* _Entries taken from a collection_
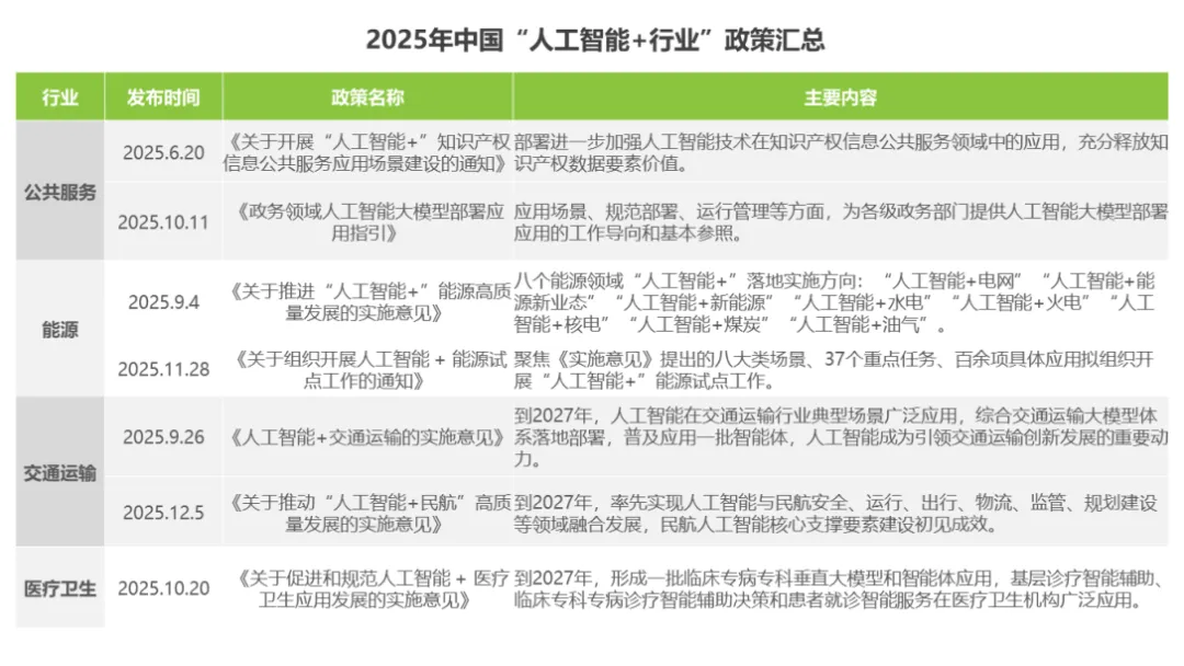 报告的另一个重要洞察,是来自国家层面的强劲政策驱动。2025年,我国围绕 “人工智能+” 行动密集出台系列政策,在能源、交通、医疗、教育等重点领域全面推动AI融合与应用落地。
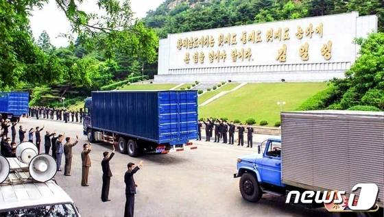 (평양 노동신문=뉴스1) = 북한 노동당 기관지 노동신문은 4일 "인민이 걱정하고 고민하는 곳에 언제나 당의 손길이 제일 먼저 가닿고 있다"며 당의 '인민 사랑'을 부각했다. 사진은 당의 지원 물품이 최근 급성 장내성 전염병이 발생한 황해남도 해주시 주민들에게 전달되는 모습.
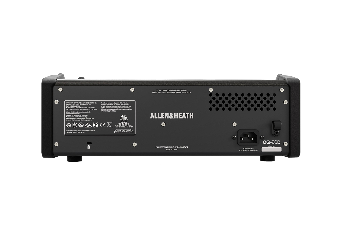 Misant sur un encombrement et un poids réduits au maximum, la CQ-20B présente une interface physique minimaliste et discrète, en faisant la console idéale pour une installation sur scène, en backstage, ou dans une baie près d'une salle de conférence. Cette interface minimaliste est largement compensée par un module WiFi avec antenne dual-band très stable et efficace, permettant d'interagir avec les deux puissantes applications multiplateformes (iOS, Android, MacOS, Windows) dédiées aux CQ : contrôlez tous les paramètres de mixage de votre console comme sur une interface physique classique avec l'application CQ-MixPad, et laissez les artistes contrôler en toute liberté le mix de leur retour personnel avec l'application CQ4You afin de décharger l'ingénieur du son de cette tâche.
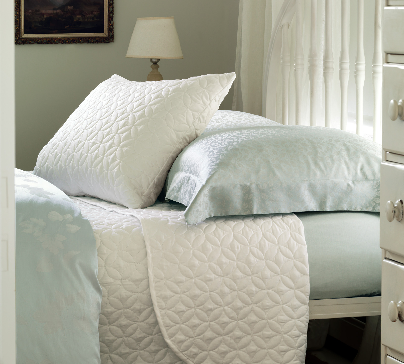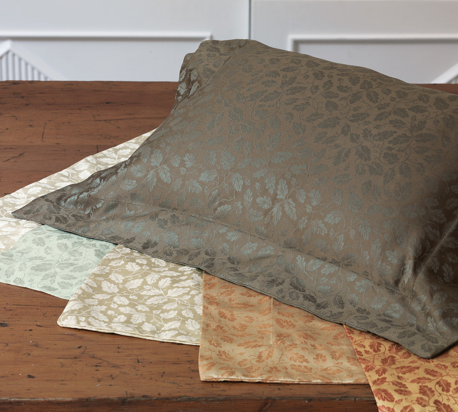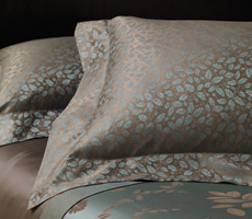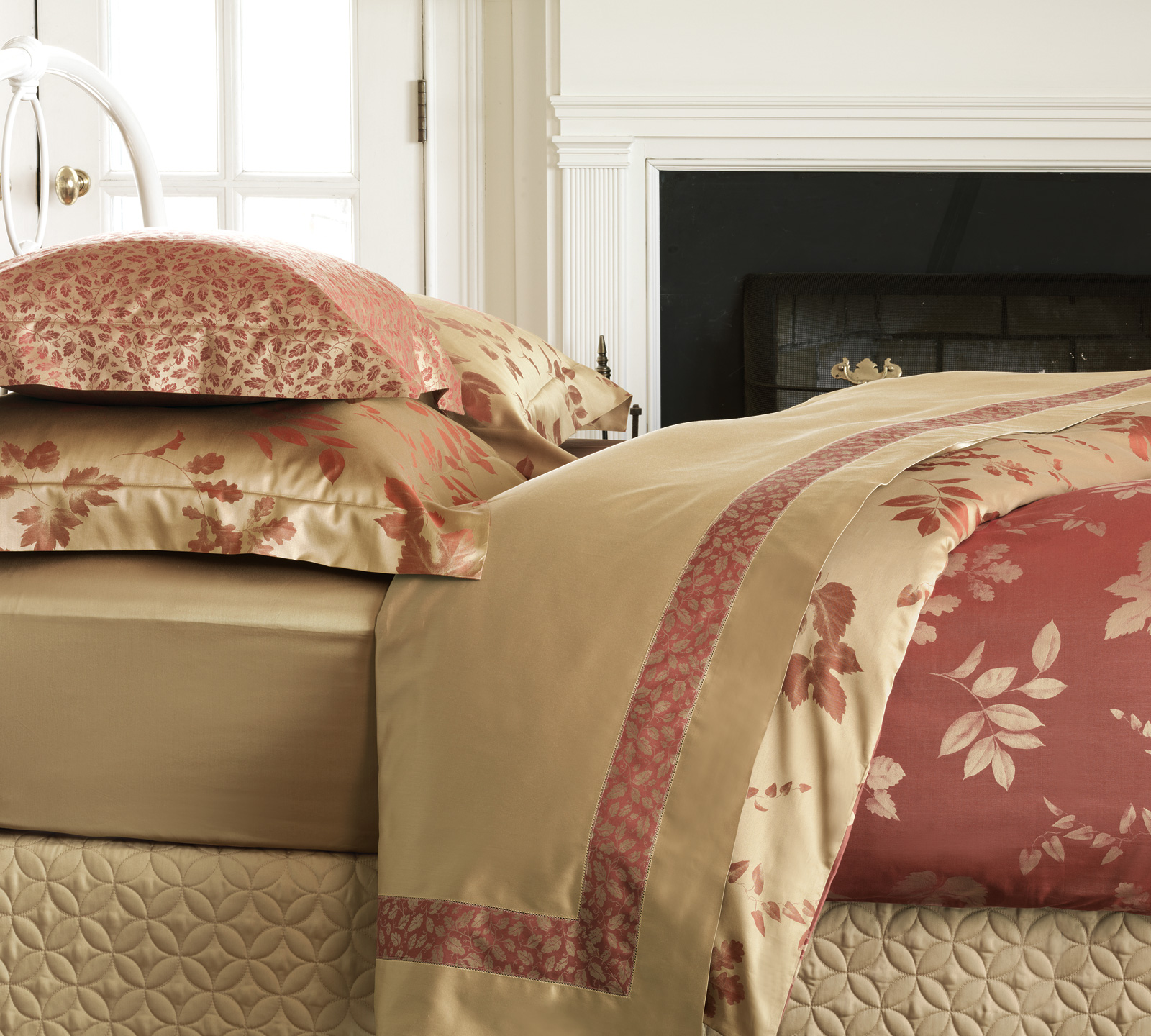 FOGLIA (foglia means leaf in Italian): Leaves have always been a source of inspiration for me as design elements. Foglia is a classic design that can be traditional or fashion forward, depending on color. The duvet cover reverses to itself. Coordinates with Foglia Grande (permanently out of stock) and Foglia Ribbon.
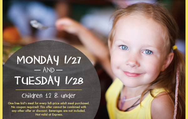 Read MoreDon’t miss out on this great deal! This coming Monday and Tuesday 1/27 and 1/28 kids 12 and under eat
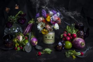 De creativiteit, het beeldend denken en het praktisch werken is er altijd geweest. Vandaag de dag zet ze dat om in bijzondere, eigenzinnige en ietwat surrealistische beelden. Haar kunstwerken komen voort uit hersenspinsels of een droom. ‘Mijn hoofd zit altijd vol. Ik ben een erg actieve dromer en die dromen dienen als inspiratie voor nieuw werk. De hele dag loop ik met ideeën rond en ben ik druk in mijn hoofd; en ja, dat moet eruit. Verder ga ik vaak zonder plan aan de slag. Ik heb een sfeer of een setting in mij hoofd. Dat is dan mijn basis.’ Het komt dus vooral aan op spontaniteit en creativiteit. ‘Het moet zwoel zijn, ik beeld mij een jungle in en dan rolt er vanzelf een beeld uit.’ Het begint bij het maken van de foto. Dat kan een portret zijn, een stilleven of een landschap. Wanneer ze de juiste foto heeft gemaakt, begint het bewerken en komt het idee pas echt tot leven. Ze gaat sfeergericht te werk. Het is vooral veel uitproberen om haar visie in het kunstwerk te krijgen. ‘Ik ben vaak in de wolken, om het zo maar te zeggen. Het is wat wazig, maar het is een element dat met regelmaat in mijn werk terugkomt.’ De betekenis van haar werk laat ze in het midden. Het is maar net wat jij er in ziet of er bij voelt. Het zijn werken die balanceren op de grens van realisme en surrealisme. Even later hebben we het erover hoe tof het zou zijn als je daadwerkelijk dromen kunt vangen, op die manier de beelden uit je hoofd haalt en zo wat meer rust creëert. ‘Dat zou nog eens een uitvinding zijn,’ beaamt Maaike.
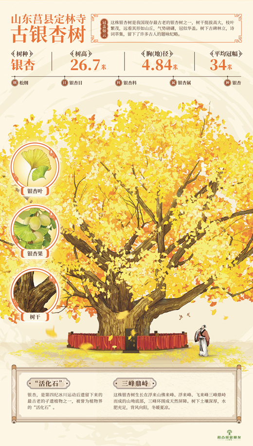 一张小小的邮票,方寸之间蕴藏着怎样的故事? 如何守护好古银杏树?莒县通过补充调查、建档立卡、挂牌保护等措施,构建古树保护体系。李建国就 是其中一位古树守护者。 "守树如做人,要尽职尽责、全心全意。"今年61岁的李建国,从事园艺工作已有40余年。自2014年到定 林寺以来,他便与这棵古银杏树朝夕相处。浇水、防治病虫害、人工疏果……日常工作琐碎,却非常重 要。蓟马是常见害虫之一,虫害严重时会导致叶片枯黄、树势衰退。为精准防治,每年5月下旬、7月下 旬、8月下旬,李建国都要定期为古树喷洒药液,预防虫害。 今年8月,在中国邮政发行的《古树名木》特种邮票上,一株山东日照市莒县的古银杏树格外引人注 目。 为了让守护工作更精细,李建国自2014年起坚持撰写"大树日记"。 这棵古银杏树,究竟有着怎样的魅力? "3月26日萌芽、4月10日开花、9月10日落果、10月25日左右黄叶……"在李建国的笔记本里,记录的不 只是物候变化,更有古树每一次"呼吸"的痕迹。温度、湿度、叶片状态、果实负荷,甚至哪一天发现异 常、如何处置,都被他一一写下。这些详细的记录,成为专家研判树况、制定养护方案的第一手依据。 从莒县县城出发西行约8公里,浮 ...
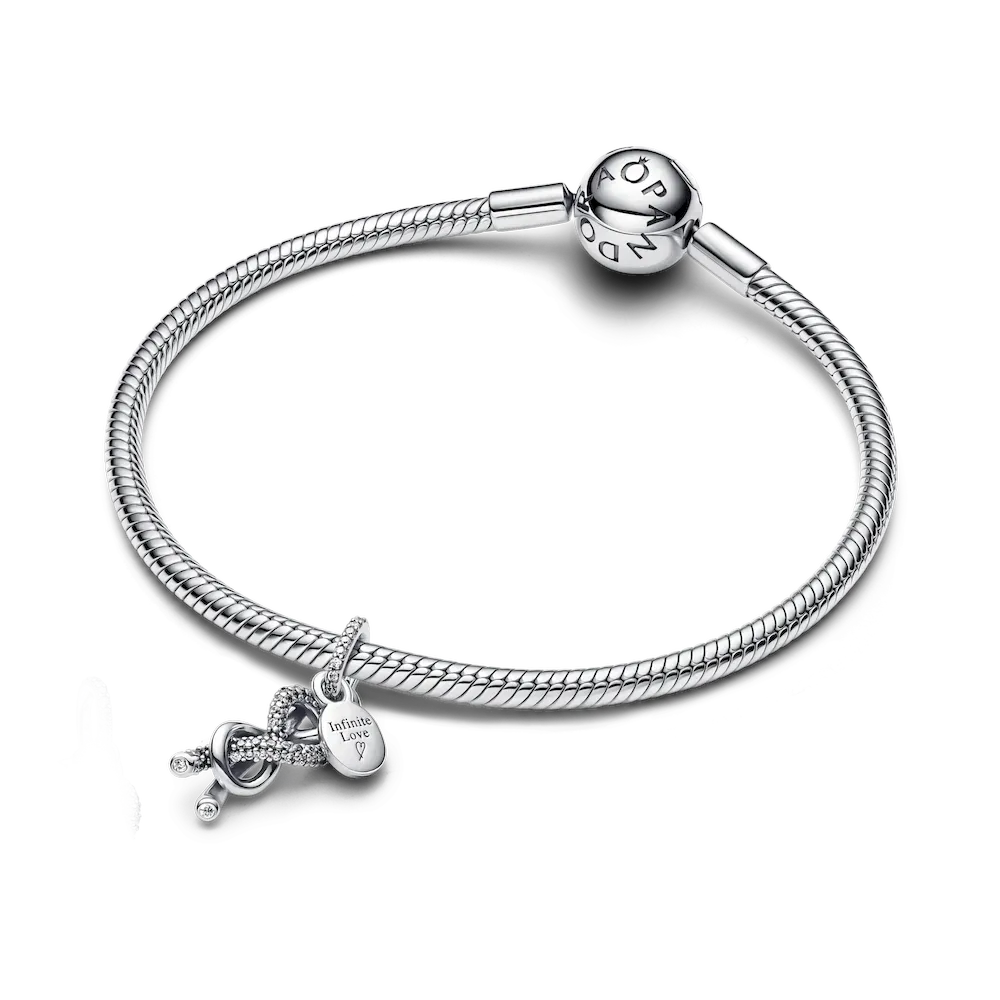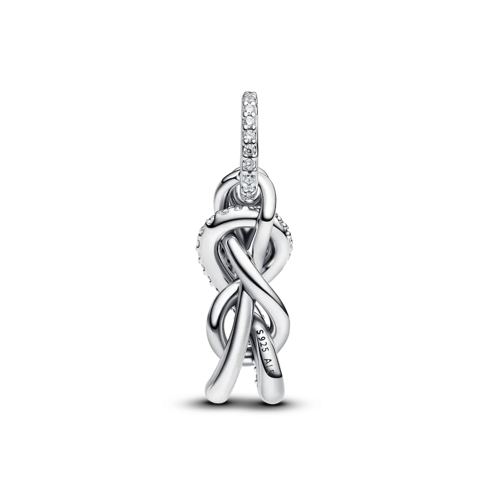 Wear a reminder that love conquers all with the Pavé Infinity Knot Dangle Charm. Hand-finished in sterling silver, this charm centres on an infinity knot symbol with along with disc dangle engraved with
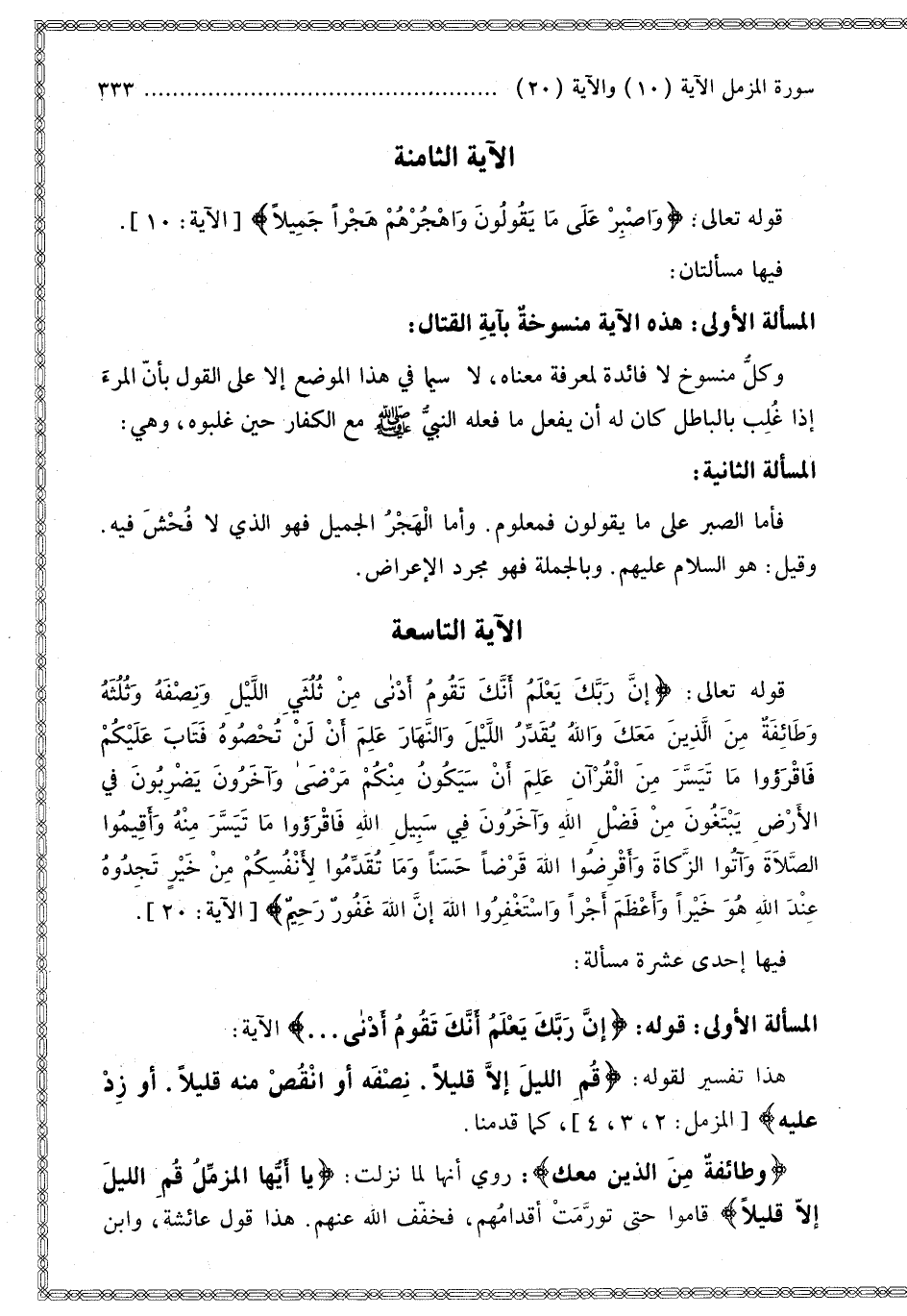 ُ أَدْنَى مِنْ ثُلُثَيِ اللَّيْلِ وَنِصْفَهُ وَثُلُثَهُ وَطَائِفَةٌ مِنَ الَّذِينَ مَعَكَ وَاللَّهُ يُقَدِّرُ اللَّيْلَ وَالنَّهَارَ عَلِمَ أَنْ لَنْ تُحْصُوهُ فَتَابَ عَلَيْكُمْ فَاقْرَءُوا مَا تَيَسَّرَ مِنَ الْقُرْآنِ عَلِمَ أَنْ سَيَكُونُ مِنْكُمْ مَرْضَى وَآخَرُونَ يَضْرِبُونَ فِي الأَرْضِ يَبْتَغُونَ مِنْ فَضْلِ اللَّهِ وَآخَرُونَ يُقَاتِلُونَ فِي سَبِيلِ اللَّهِ فَاقْرَءُوا مَا تَيَسَّرَ مِنْهُ وَأَقِيمُوا الصَّلاةَ وَآتُوا الزَّكَاةَ وَأَقْرِضُوا اللَّهَ قَرْضًا حَسَنًا وَمَا تُقَدِّمُوا لأَنْفُسِكُمْ مِنْ خَيْرٍ تَجِدُوهُ عِنْدَ اللَّهِ هُوَ خَيْرًا وَأَعْظَمَ أَجْرًا وَاسْتَغْفِرُوا اللَّهَ إِنَّ اللَّهَ غَفُورٌ رَحِيمٌ} [المزمل: 20]. فِيهَا إحْدَى عَشْرَةَ مَسْأَلَةً:

* _WORK INSTRUCTIONS_
All lines from the one containing "Wear a reminder" through the final line of the entries above are to be copied exactly; the pictures are not.

* _WRITTEN ANSWER_
 Wear a reminder that love conquers all with the Pavé Infinity Knot Dangle Charm. Hand-finished in sterling silver, this charm centres on an infinity knot symbol with along with disc dangle engraved with
 ُ أَدْنَى مِنْ ثُلُثَيِ اللَّيْلِ وَنِصْفَهُ وَثُلُثَهُ وَطَائِفَةٌ مِنَ الَّذِينَ مَعَكَ وَاللَّهُ يُقَدِّرُ اللَّيْلَ وَالنَّهَارَ عَلِمَ أَنْ لَنْ تُحْصُوهُ فَتَابَ عَلَيْكُمْ فَاقْرَءُوا مَا تَيَسَّرَ مِنَ الْقُرْآنِ عَلِمَ أَنْ سَيَكُونُ مِنْكُمْ مَرْضَى وَآخَرُونَ يَضْرِبُونَ فِي الأَرْضِ يَبْتَغُونَ مِنْ فَضْلِ اللَّهِ وَآخَرُونَ يُقَاتِلُونَ فِي سَبِيلِ اللَّهِ فَاقْرَءُوا مَا تَيَسَّرَ مِنْهُ وَأَقِيمُوا الصَّلاةَ وَآتُوا الزَّكَاةَ وَأَقْرِضُوا اللَّهَ قَرْضًا حَسَنًا وَمَا تُقَدِّمُوا لأَنْفُسِكُمْ مِنْ خَيْرٍ تَجِدُوهُ عِنْدَ اللَّهِ هُوَ خَيْرًا وَأَعْظَمَ أَجْرًا وَاسْتَغْفِرُوا اللَّهَ إِنَّ اللَّهَ غَفُورٌ رَحِيمٌ} [المزمل: 20]. فِيهَا إحْدَى عَشْرَةَ مَسْأَلَةً:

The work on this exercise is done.